The above table summarizes the performance of the IPGM algorithm under different inertia parameter settings. Under nonconvex optimization, with the increase in the inertia parameter, the objective function value decreases, and the PSNR value increases. The effect is the best when the inertia parameter is 0.4. The objective function value is 1.167 × 10⁴, and the PSNR value is 32.734. Under convex optimization, with the increase in the inertia parameter, the value of the objective function decreases, and the value of PSNR increases. The effect is the best when the inertia parameter is 0.9. At this time, the value of the objective function is 9.449 × 10³, and the value of PSNR is 29.438. The results show that the larger the inertia parameter setting is, the better the performance of IPGM is under both convex and nonconvex constraints.
According to the ranges of inertia parameters allowed under different constraints, the results in the above table are obtained. By comparing Table 2 and Table 3, it can be found that with the increase in inertia parameters, the PSNR of the IPGM algorithm under convex optimization constraints is higher, the objective function value is low, and the performance improves. Under the constraint of nonconvex optimization, although the PSNR of the IPGM algorithm is high, the value of the objective function is also high, and the performance is not ideal. This result shows that the simple utilized inertia term cannot achieve the perfect effect under the nonconvex constraint.

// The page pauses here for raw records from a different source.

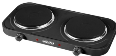
Double hot plate MS 6509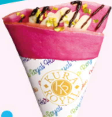
チョコレート ナッツクレープ \\280円\\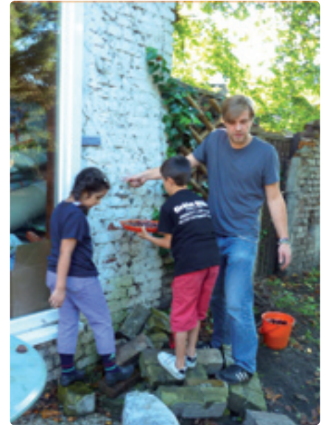
Im Herbst lassen sich die Kastanien zum Basteln nutzen.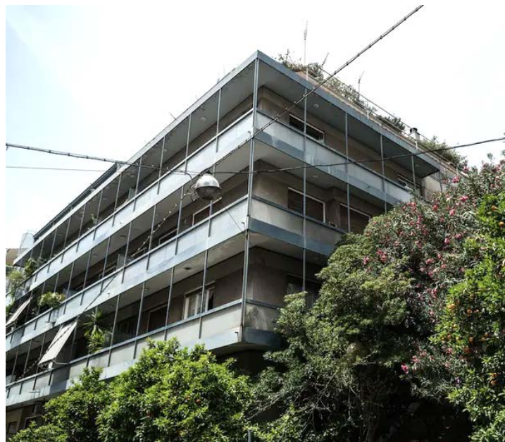
Πολυκατοικία στις οδούς Δεινοκράτους και Λουκιανού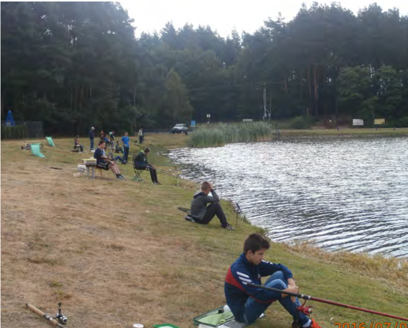
Połowy wędkarskie nad „Czystym”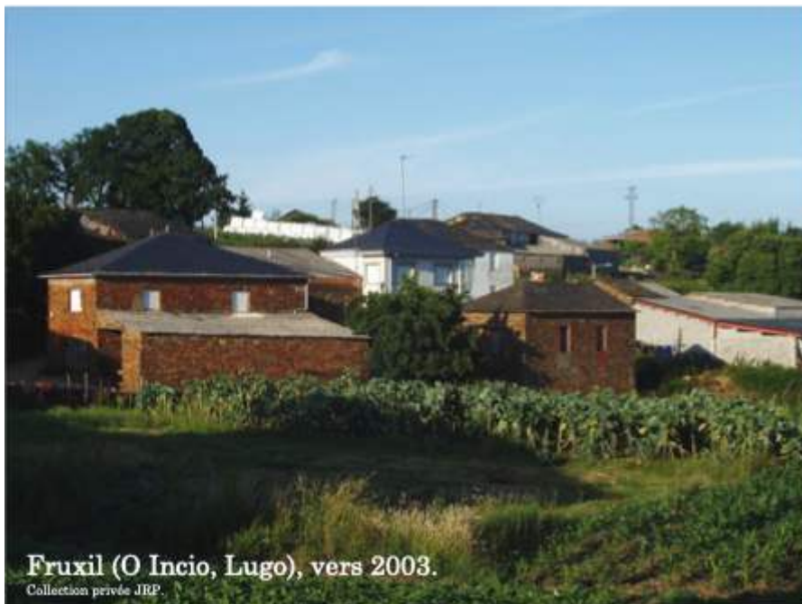
Figure n° 11 : Les bâtisses actuelles de la famille R.P., Fruxil, vers 2003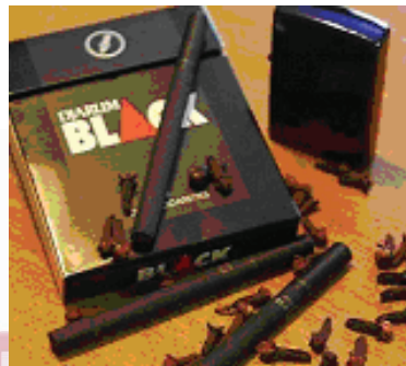
Figura 6 – Embalagem do cigarro Djarum Black, sabor cravo

Outra marca, recentemente lançada no Brasil, com sabor de cravo, é o Djarum Black , da indústria tabageira Golden Leaf Tobacco Ltda., que foi amplamente divulgada em uma novela de grande audiência, sendo utilizada pela atriz protagonista Aline Moraes.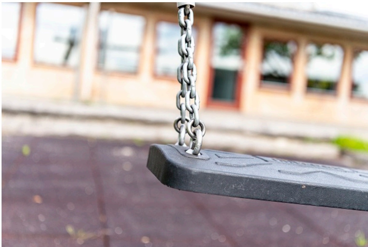
Gynge på legeplads.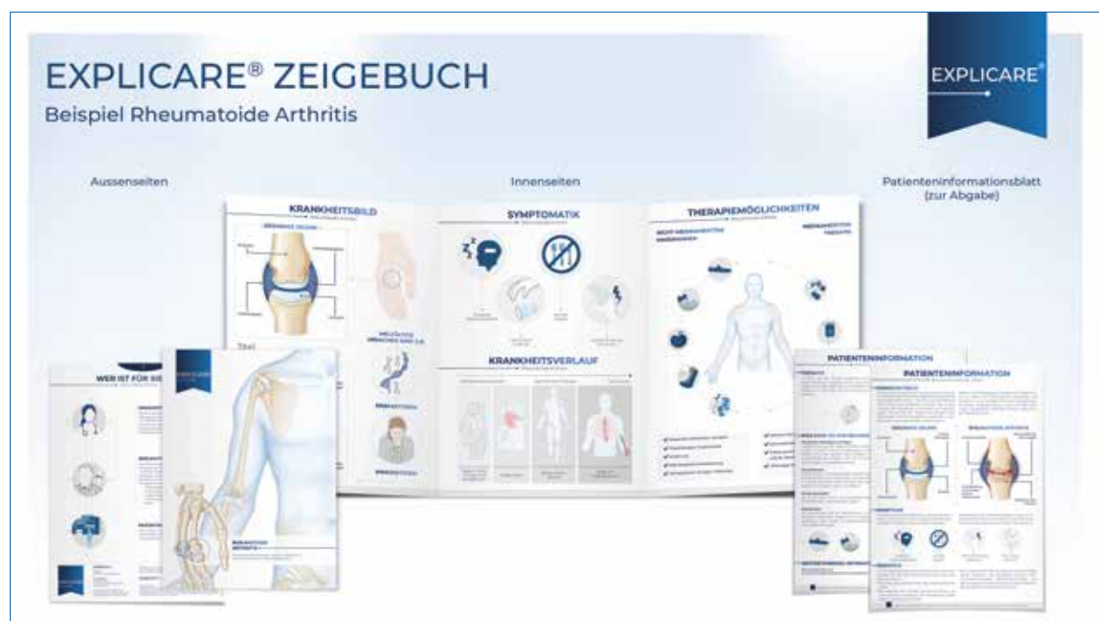
Abbildung 1: Die Zeigebücher enthalten jeweils auch ein Informationsblatt für Patienten. Online sind die Informationsblätter in den neun in der Schweiz am häufigsten gesprochenen Sprachen verfügbar.

Aktuell liegen Zeigebücher zu 29 Krankheitsbildern vor, von Acne Inversa bis zum Vorhofflimmern; weitere Indikationen sind in Bearbeitung. Die Fachbereiche reichen von der Dermatologie, Pneumologie, Kardiologie, Onkologie, Gastroenterologie, Neurologie, Ophthalmologie, Immunologie, Diabetologie, Allgemeine innere Medizin, Rheumatologie bis zur Psychiatrie. Zusätzlich gibt es Zeigebücher zu speziellen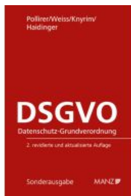
DSGVO Datenschutz-Grundverordnung Ladenpreis: 34,00EUR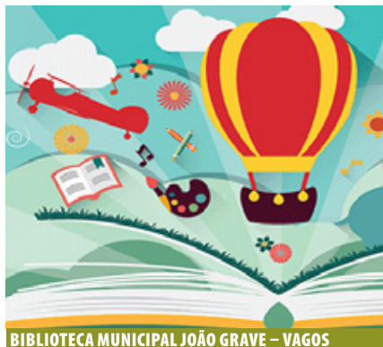
BIBLIOTECA MUNICIPAL JOÃO GRAVE – VAGOS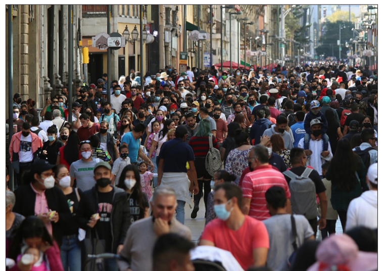
▲ En un mundo altamente cambiante, que no podemos entender, no podemos darnos el lujo de permanecer inmóviles.

La pluralidad es el vehículo para encontrar la solución a los contrastes sociales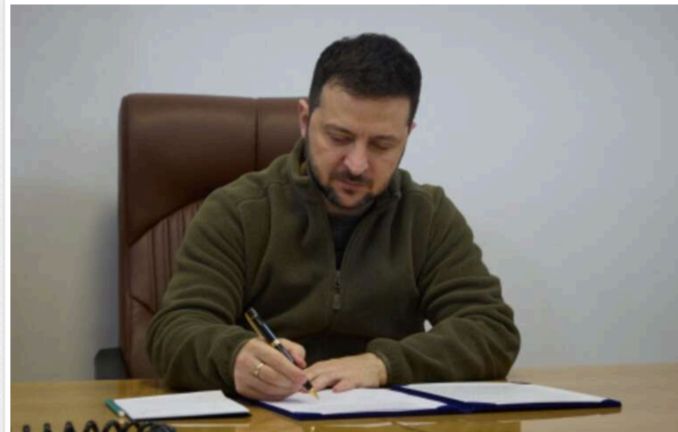
Зеленський реалізував рішення РНБО щодо перегляду умов бронювання медиків та цифровізації ВЛК

Президент Володимир Зеленський ввів у дію рішення Ради національної безпеки та оборони України щодо протидії загрозам національній безпеці у сфері охорони здоров'я в особливий період.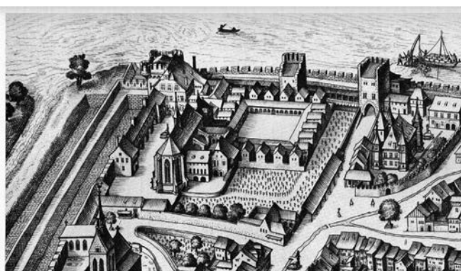
8. kép: A karthauziak kis-bázeli kolostora és temploma Merian metszetének részletén (Frankfurt, 1614. Közli C. H. Baer idézett monográfiája)

ólomkeretének mintázata ugyanis nem egyezik meg rajtuk, helyenként pedig a restaurátori kiegészítések nyomai is kivehetők a fényképek összevetésekor. A hosszú időre a Historisches Museumba került üvegeket újabban visszavitték a templomba, ám nem eredeti helyükre, hanem az apszis középső ablakára helyezték fel mindhármat. Talán megerősítésük érdekében töltötték ki az üres részeket kis rombusz alakú ólomkeretekkel. A választ a helyszínen vizsgálódó magyar művészettörténészeknek kellene megadniuk a továbbiakban.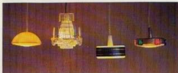
NYHET 6124 Taklampa gul, 6142 Kristallkrona, 6133 Taklampa vit/blå, NYHET 6136 Taklampa mässing m. prismor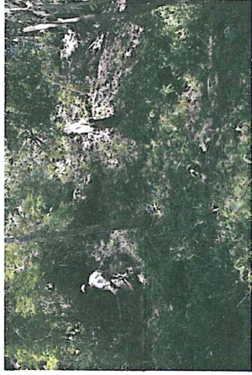
Foto 7. Trabajos de chapeo en El Pital

6. Como parte del programa de monitoreo y mantenimiento de sitios arqueológicos de este parque se visitó el sitio El Pital, el cual se distingue por su complejidad arquitectónica. Parte del trabajo implicó despejar el camino vehicular de acceso, así como realización de chapeo, estimación del área con GPS, lacual asciende a 2.19 has, así como verificación del estado de conservación, lo que incluyó verificar que no se han presentado nuevos saqueos.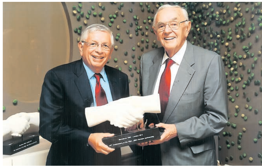
Ујединитељи светске кошарке: Бора Станковић (десно) и Дејвид Штерн у Лондону 2012, када им је обојици одато признање

Последнице грађанског рата у Кини осећале су се дуго и у спорту, па и у кошарци. Зато је Станковић одлазио у „обе” Кине да би се проблем решио: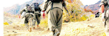
3 binden fazla terörist etkisiz hale getirildi

Harekatın Cerablus ayında da ilerleme devam ederken 12'nci güne gelindiğinde ÖSO güçleri, TSK'nın desteğiyle Çobanbey ve Cerablus arasındaki Suriye-Türkiye sınırında, terörist unsurlarından arındırılmış bir kuşak meydana getirdi. Türkiye sınırından Suriye içine doğru 3 ila 5 kilometre derinliğe sahip güvenli kuşak, DEAŞ'ın Türkiye sınırları ile doğrudan fiziki temasını ortadan kaldırdı. ÖSO'nun terör örgütleri DEAŞ'tan ve PKK/PYD/YPG'den kurtardığı alan 600 kilometrekareye yükseldi.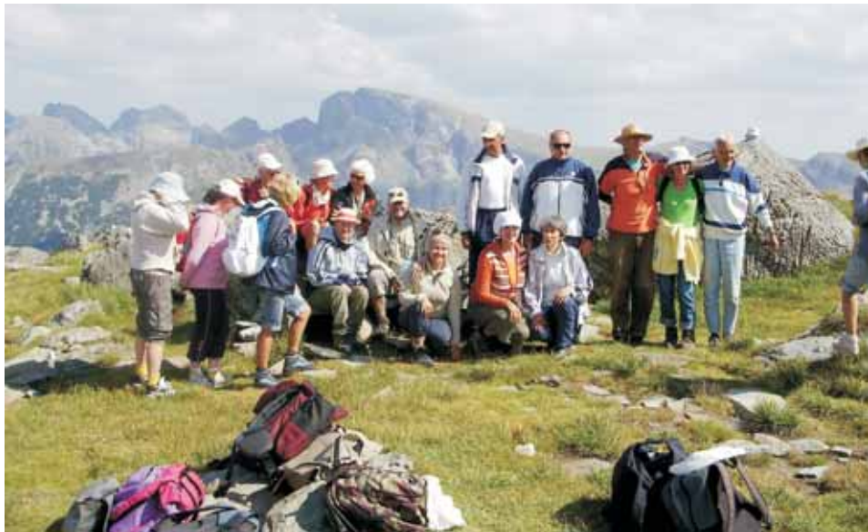
Полската група с българи на Рила

След приключването на тази среща заминахме с Ардела за Познан. Там, в Музикалната академия, направихме представяне на музиката на Учителя и на Паневритмията пред професори от Академията и пред представители на социалните служби. Това стана една сутрин след дълго и тежко пътуване през нощта и аз се чудех как ще на-

In the future, we will continue to study the IPGM algorithm with dynamic inertia parameters under nonconvex optimization.

8. Conclusions

For the CDL problem, an IPGM algorithm based on a forward–backward splitting algorithm with an inertial term is proposed. The complexity of the algorithm is analyzed, and the convergence of the algorithm is proven. Finally, the IPGM algorithm is compared with other algorithms in terms of performance and effect through experiments. The results show that the IPGM algorithm produces a lower objective function value, lower sparse value, and higher reconstruction PSNR. In summary, the IPGM algorithm has many good theoretical properties, and it is efficient and straightforward.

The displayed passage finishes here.